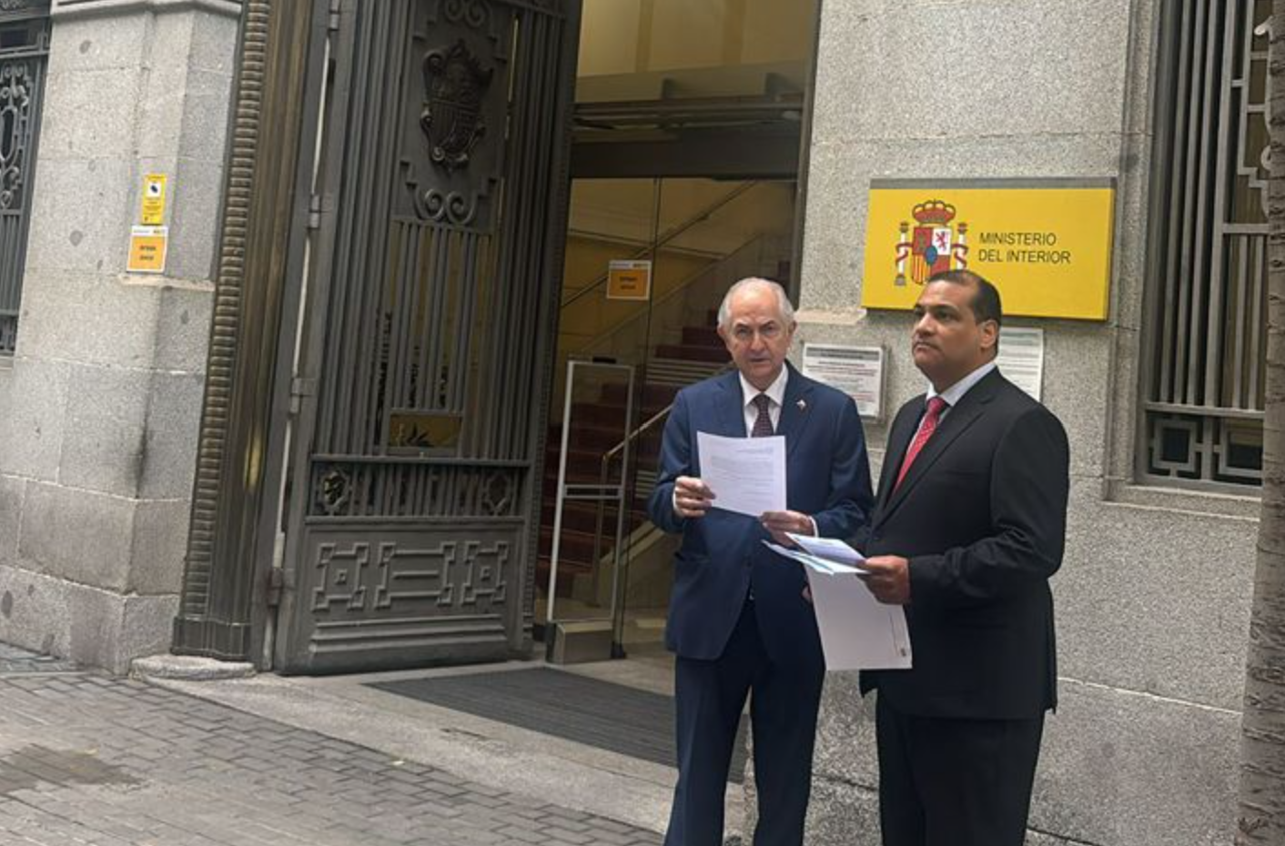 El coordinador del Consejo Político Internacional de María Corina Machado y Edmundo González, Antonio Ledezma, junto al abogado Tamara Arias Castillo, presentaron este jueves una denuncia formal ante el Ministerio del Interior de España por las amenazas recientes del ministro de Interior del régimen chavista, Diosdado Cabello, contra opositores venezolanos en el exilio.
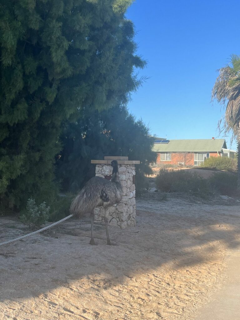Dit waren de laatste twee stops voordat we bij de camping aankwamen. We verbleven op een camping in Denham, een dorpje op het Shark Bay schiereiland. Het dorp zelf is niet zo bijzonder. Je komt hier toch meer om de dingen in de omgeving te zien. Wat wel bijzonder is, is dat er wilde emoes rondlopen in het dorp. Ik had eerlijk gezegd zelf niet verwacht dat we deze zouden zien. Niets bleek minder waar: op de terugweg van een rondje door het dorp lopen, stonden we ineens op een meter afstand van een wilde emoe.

┄┄┄┄┄┄┄┄┄┄

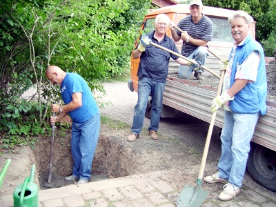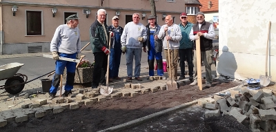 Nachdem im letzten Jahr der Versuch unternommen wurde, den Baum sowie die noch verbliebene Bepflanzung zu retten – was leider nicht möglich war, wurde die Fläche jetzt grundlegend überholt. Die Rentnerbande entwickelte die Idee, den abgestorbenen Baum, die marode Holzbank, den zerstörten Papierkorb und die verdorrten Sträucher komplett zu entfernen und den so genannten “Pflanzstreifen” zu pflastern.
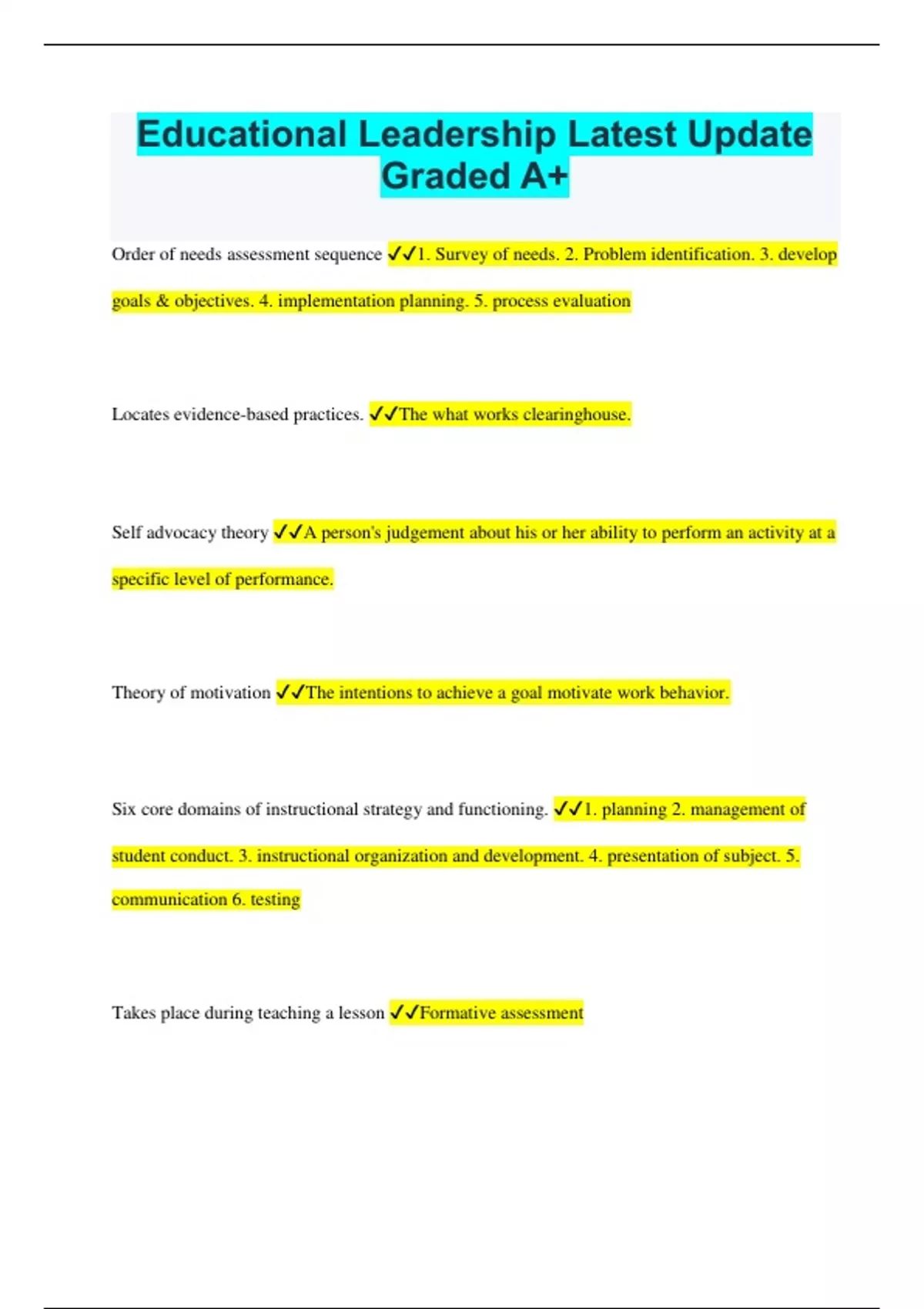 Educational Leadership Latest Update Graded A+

┄┄┄┄┄┄┄┄┄┄

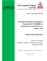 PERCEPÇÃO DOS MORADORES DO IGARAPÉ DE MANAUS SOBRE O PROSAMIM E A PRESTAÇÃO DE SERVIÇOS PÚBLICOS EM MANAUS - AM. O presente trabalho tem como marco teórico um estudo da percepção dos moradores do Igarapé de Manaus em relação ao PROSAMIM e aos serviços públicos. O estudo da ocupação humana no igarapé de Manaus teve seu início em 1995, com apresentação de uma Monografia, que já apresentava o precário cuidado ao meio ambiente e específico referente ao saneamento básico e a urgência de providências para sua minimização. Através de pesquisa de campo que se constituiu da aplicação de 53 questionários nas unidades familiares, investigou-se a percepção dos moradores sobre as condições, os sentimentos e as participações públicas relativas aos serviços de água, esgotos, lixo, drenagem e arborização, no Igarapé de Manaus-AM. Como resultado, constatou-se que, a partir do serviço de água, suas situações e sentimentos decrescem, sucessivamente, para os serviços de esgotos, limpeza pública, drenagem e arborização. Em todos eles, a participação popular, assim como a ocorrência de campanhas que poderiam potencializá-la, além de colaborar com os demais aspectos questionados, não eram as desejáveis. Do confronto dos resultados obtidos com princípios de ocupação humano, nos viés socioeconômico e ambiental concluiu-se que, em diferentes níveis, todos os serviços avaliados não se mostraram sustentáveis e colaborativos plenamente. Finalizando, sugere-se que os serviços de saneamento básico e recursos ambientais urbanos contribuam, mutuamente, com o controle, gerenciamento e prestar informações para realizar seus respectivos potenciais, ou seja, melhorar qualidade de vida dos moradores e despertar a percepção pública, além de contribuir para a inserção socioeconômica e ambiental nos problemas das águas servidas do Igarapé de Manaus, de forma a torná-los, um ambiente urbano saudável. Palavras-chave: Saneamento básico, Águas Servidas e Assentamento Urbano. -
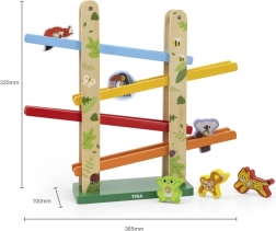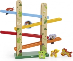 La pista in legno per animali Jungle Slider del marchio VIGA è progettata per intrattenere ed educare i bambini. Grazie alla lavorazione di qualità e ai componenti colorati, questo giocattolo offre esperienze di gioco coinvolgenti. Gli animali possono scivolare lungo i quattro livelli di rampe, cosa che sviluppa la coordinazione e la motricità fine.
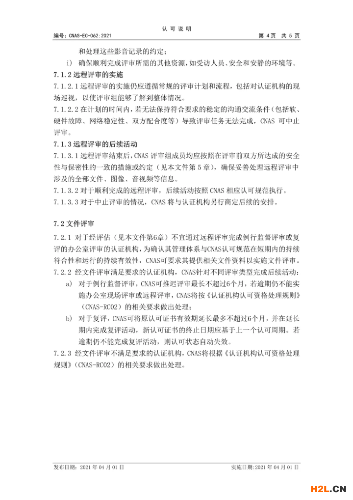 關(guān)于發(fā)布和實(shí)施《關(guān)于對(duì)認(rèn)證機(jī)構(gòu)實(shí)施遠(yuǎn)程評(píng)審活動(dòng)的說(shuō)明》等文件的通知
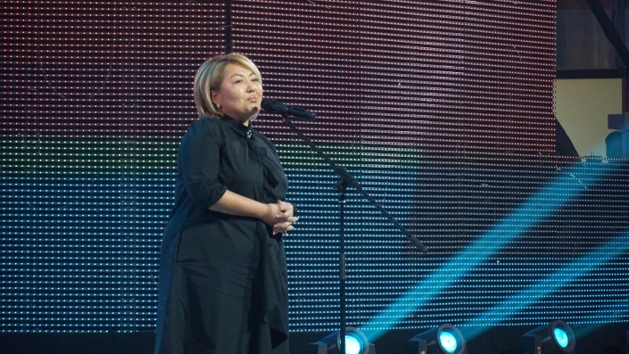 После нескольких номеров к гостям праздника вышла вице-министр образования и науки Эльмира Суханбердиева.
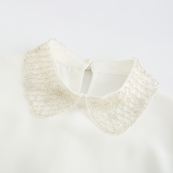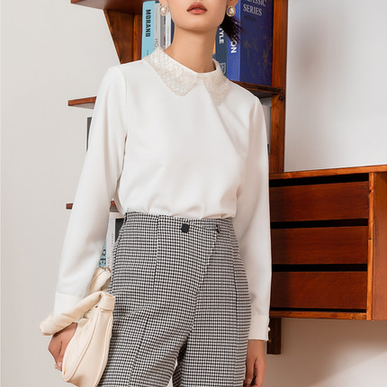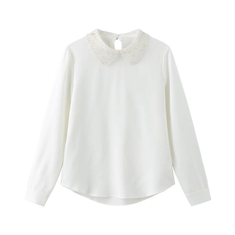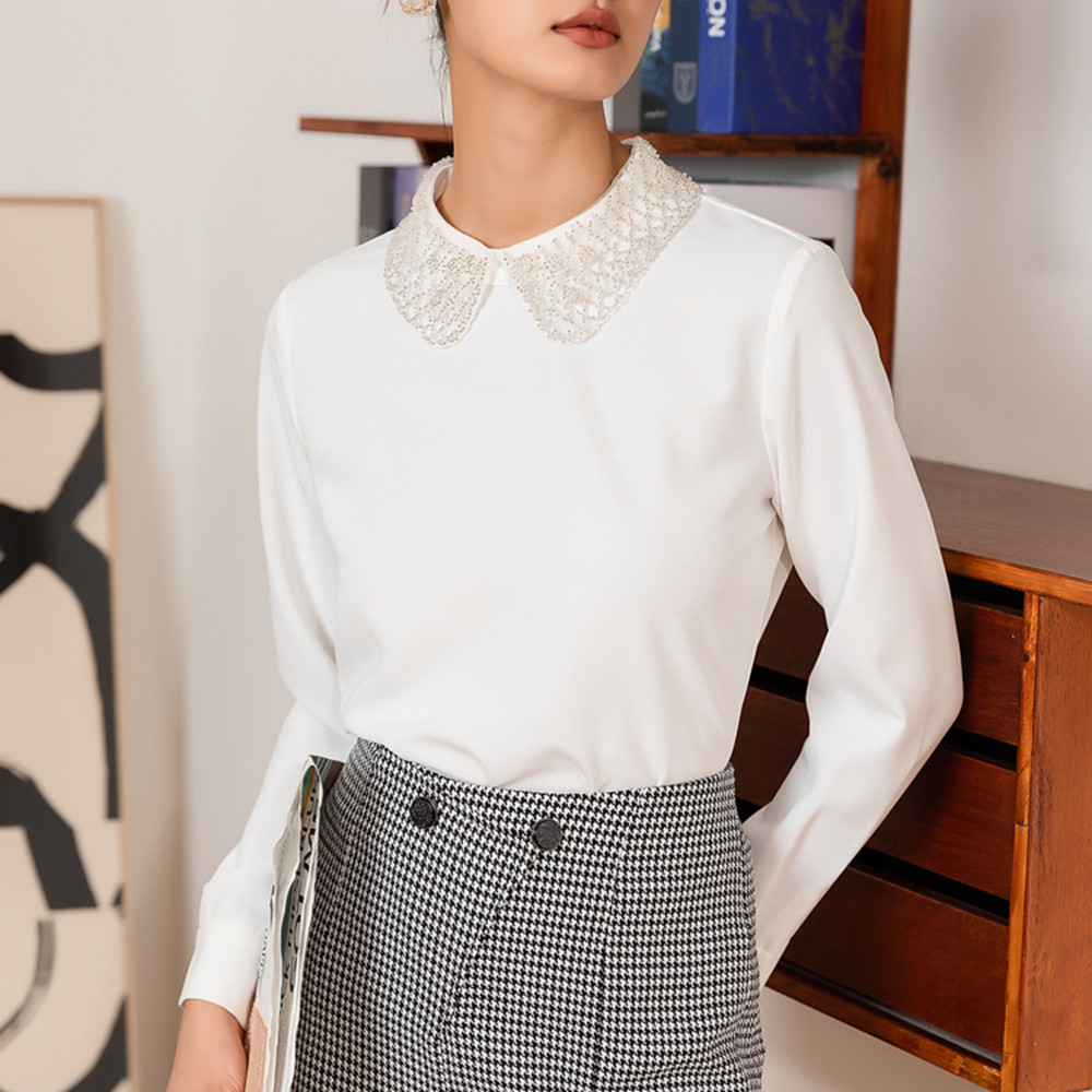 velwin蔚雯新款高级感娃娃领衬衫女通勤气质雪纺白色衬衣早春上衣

┄┄┄┄┄┄┄┄┄┄

→ **WHAT TO PRODUCE**
Output exactly the lines above that lie between the line with "El coordinador del" and the line with "Dit waren de", those two lines included, and no pictures.

→ **ANSWER AREA**
 El coordinador del Consejo Político Internacional de María Corina Machado y Edmundo González, Antonio Ledezma, junto al abogado Tamara Arias Castillo, presentaron este jueves una denuncia formal ante el Ministerio del Interior de España por las amenazas recientes del ministro de Interior del régimen chavista, Diosdado Cabello, contra opositores venezolanos en el exilio.
Dit waren de laatste twee stops voordat we bij de camping aankwamen. We verbleven op een camping in Denham, een dorpje op het Shark Bay schiereiland. Het dorp zelf is niet zo bijzonder. Je komt hier toch meer om de dingen in de omgeving te zien. Wat wel bijzonder is, is dat er wilde emoes rondlopen in het dorp. Ik had eerlijk gezegd zelf niet verwacht dat we deze zouden zien. Niets bleek minder waar: op de terugweg van een rondje door het dorp lopen, stonden we ineens op een meter afstand van een wilde emoe.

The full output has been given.